Even before that incident, plans were being made to shore up the aging structure. In 2008, Manger’s office applied to the National Historic Covered Bridge Preservation Program and received a $360,000 federal grant, which requires a $90,000 local match.
Manger also hired a covered bridge consultant, John Smolen, who presented preservation options. After two public meetings, officials settled on a $1.1 million plan that involves constructing a new bridge inside the old one, which would preserve most of the old bridge. The new bridge — consisting of arches made of glued laminated timber — would support both the old bridge and vehicular traffic.
Those modifications, Manger said, would not jeopardize the bridge’s standing on the National Register of Historic Places. And even more important, in his view: The bridge’s load-carrying capacity would increase, with a posted limit of 12 tons. But Tim Rush-Ossenbeck and the pro-restoration group oppose that plan for a number of reasons. For one, the old bridge would no longer serve a functional purpose, but would simply be “window dressing.”
In addition, “When you drive over the bridge, you’ll see these big wooden arches [inside], but you won’t really see the old trusses,” Rush-Ossenbeck said. “You’ll have to look closely behind those arches to see the trusses.”

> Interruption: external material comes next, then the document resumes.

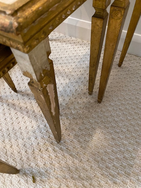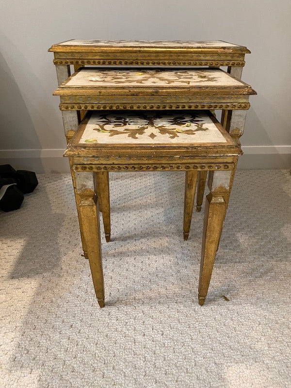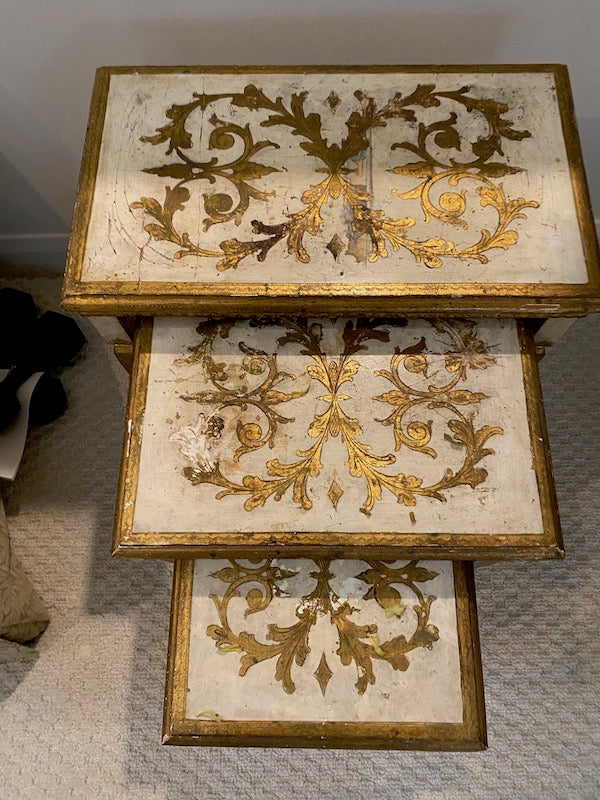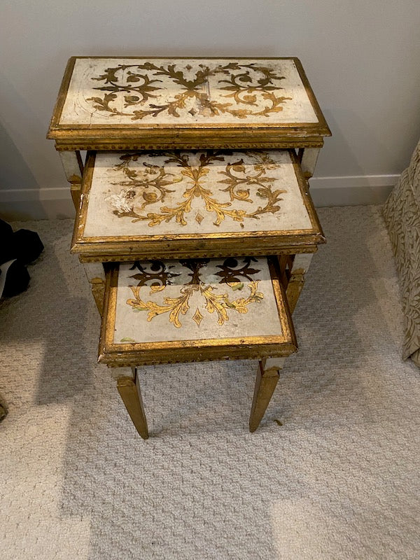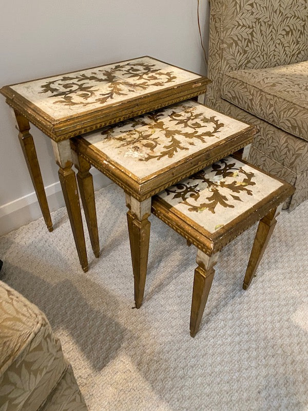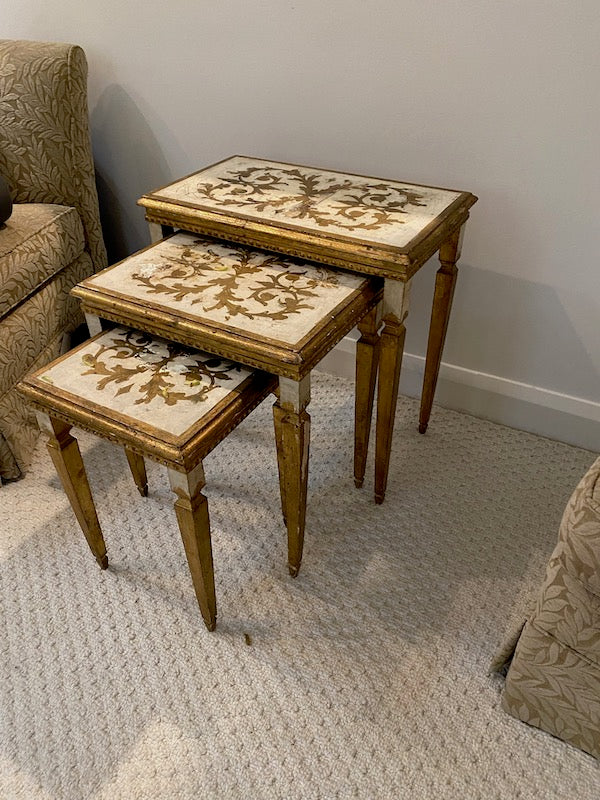 Set of 3 Florentine Gold Nesting Tables, Made in Italy.

Trusses are what define the significance of a covered bridge, said David Simmons, president of the Ohio Historic Bridge Association. “So if you’re going to do a renovation, change as little as possible of the historic fabric that is most important, and that’s the trusses.” The Stonelick bridge features a Howe truss, a design patented by Massachusetts millwright William Howe in 1840.

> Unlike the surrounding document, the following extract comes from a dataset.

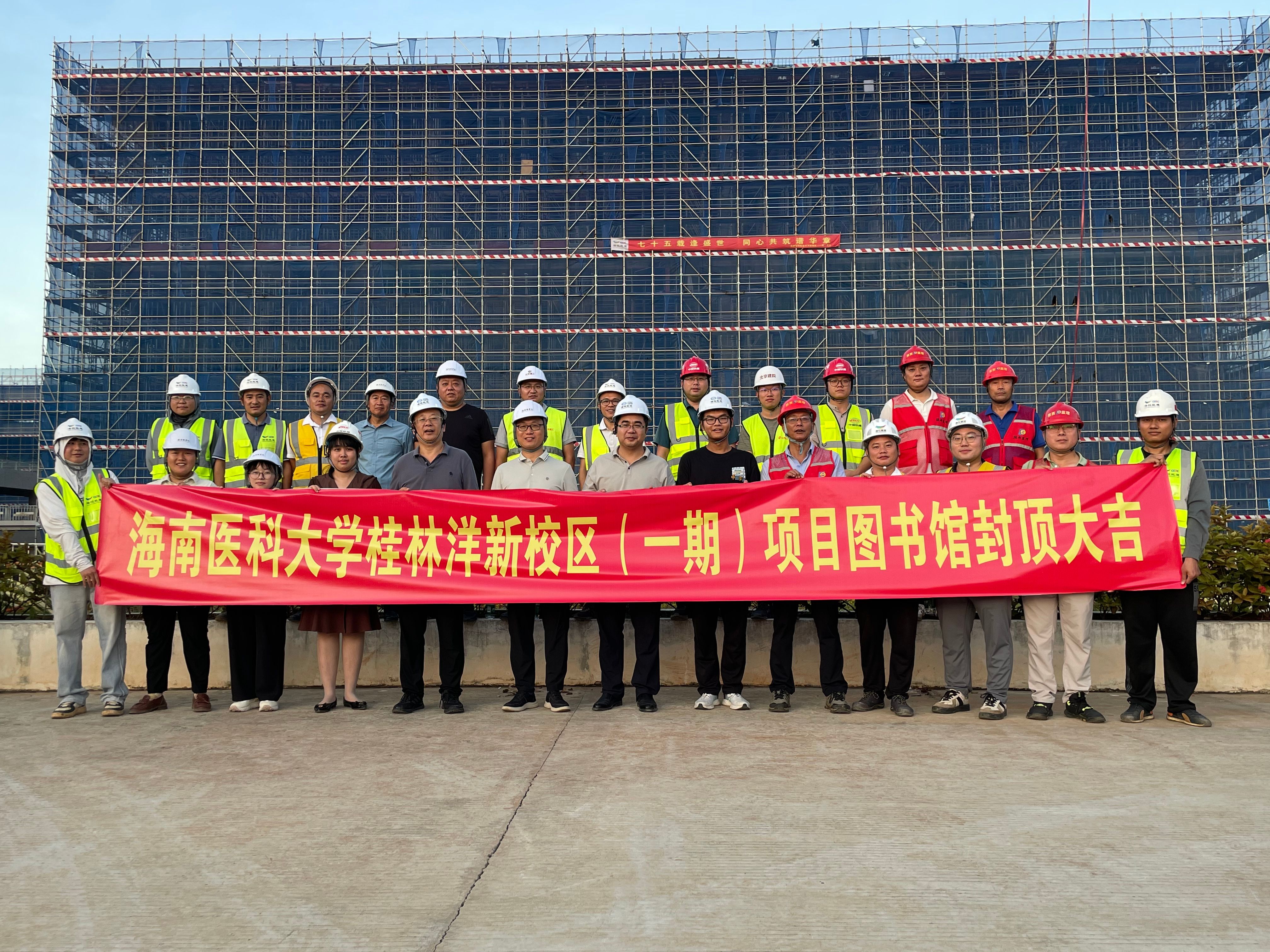 11月1日,海南医科大学桂林洋新校区(一期)项目建设工地彩旗飘飘,一派节日气氛,图书馆标志性建筑项目正式封顶。图书馆项目位于新校区中心位置,主体7层,面积约16000平方米。顺利封顶是参建各方密切配合、辛勤付出、攻坚克难的结果,为新校区一期工程按期竣工投入使用奠定了坚实的基础。

Simmons said he believes the plan to install arches makes sense, because most of the old bridge will be left intact. But Ron Hill disagreed. He’s president of the Clermont County Historical Society, and helped get the bridge on the National Register. The arches will cause people to “get a very mistaken impression of what kind of bridge it was,” he said.
What’s more, Rush-Ossenbeck and others argue that increasing the bridge’s load-carrying capacity to 12 tons will lead to heavy truck traffic — and compromise safety on the bridge and the narrow country road leading to it.
Rush-Ossenbeck said he has been told by J.A. Barker Engineering, a Bloomington, Ind.-based firm that specializes in covered bridge restoration, that the span could be restored by simply replacing its worn out and damaged pieces. The cost would be about $400,000 less than Manger’s plan.